# Fast or Slow?



## Avalon3 (Dec 3, 2008)

Are you a fast or slow reader?  I'm a slow reader and I relish what I'm reading.  My girlfriend is a fast reader and she devours her books.


----------



## Jeff (Oct 28, 2008)

Avalon3 said:


> Are you a fast or slow reader? I'm a slow reader and I relish what I'm reading. My girlfriend is a fast reader and she devours her books.


I read an average size novel in a few hours. It makes my wife furious. She swears that I couldn't possibly understand, let alone enjoy it.


----------



## pidgeon92 (Oct 27, 2008)

How do you define fast? I usually take 3-4 days to finish a book, but some books will take me literally weeks (though I do read multiple books at one time).


----------



## Avalon3 (Dec 3, 2008)

pidgeon92 said:


> How do you define fast? I usually take 3-4 days to finish a book, but some books will take me literally weeks (though I do read multiple books at one time).

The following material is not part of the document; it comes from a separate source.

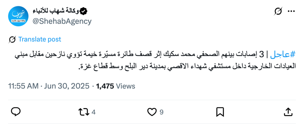 #Urgent | 3 injured, including journalist Mohammed Skeik, after a drone bombed a tent housing displaced people opposite the outpatient clinic building inside Al-Aqsa Martyrs Hospital in Deir al-Balah, central Gaza Strip.

I read multiple books at the same time too. I've only been doing it since I have all my books on my Kindle. Fast would be read the book in one or two days.


----------



## sebat (Nov 16, 2008)

I'm a fast reader.  I read every word.  I don't skim.  The only way I could read any slower would be to multitask or read for fewer hours a day.  I don't think I would get any enjoyment out of that.  It's just the rate at which I read.  I don't understand why you think a slow reader would get more enjoyment out of a book than a fast reader.  I'm not defensive, just curious.  The only time it takes me more than a couple of days to read a book, is if I'm not really into it.


----------



## Gables Girl (Oct 28, 2008)

Count me as fast I usually can do a novel in a couple of hours.  I can never read something with someone because I'm always done long before they get ready to turn the page.


----------



## Rivery (Nov 10, 2008)

Compared to my husband and a friend of mine that shares books with me, I am a slow reader.  If it is a book I am really getting into, it will take me a couple of days (couple of hours per day).  Otherwise it can take me a loooooong time to finish a book.  I have a tendency to finish the book even if I'm not overly enthusiastic about it.  I also usually have at least 2 books or more going at the same time.


----------



## Essensia (Nov 3, 2008)

I'm a slowpoke, too, Avalon.  I tend to go back over particularly powerful or well-crafted sections of a book as I'm reading it, savoring how the writer achieved the desired effect.  Plus I have a lousy short-term memory, so I tend to slow down and make a conscious effort to memorize characters when they're introduced.  Sometimes I jot down notes even when I'm just reading fun/trashy stuff.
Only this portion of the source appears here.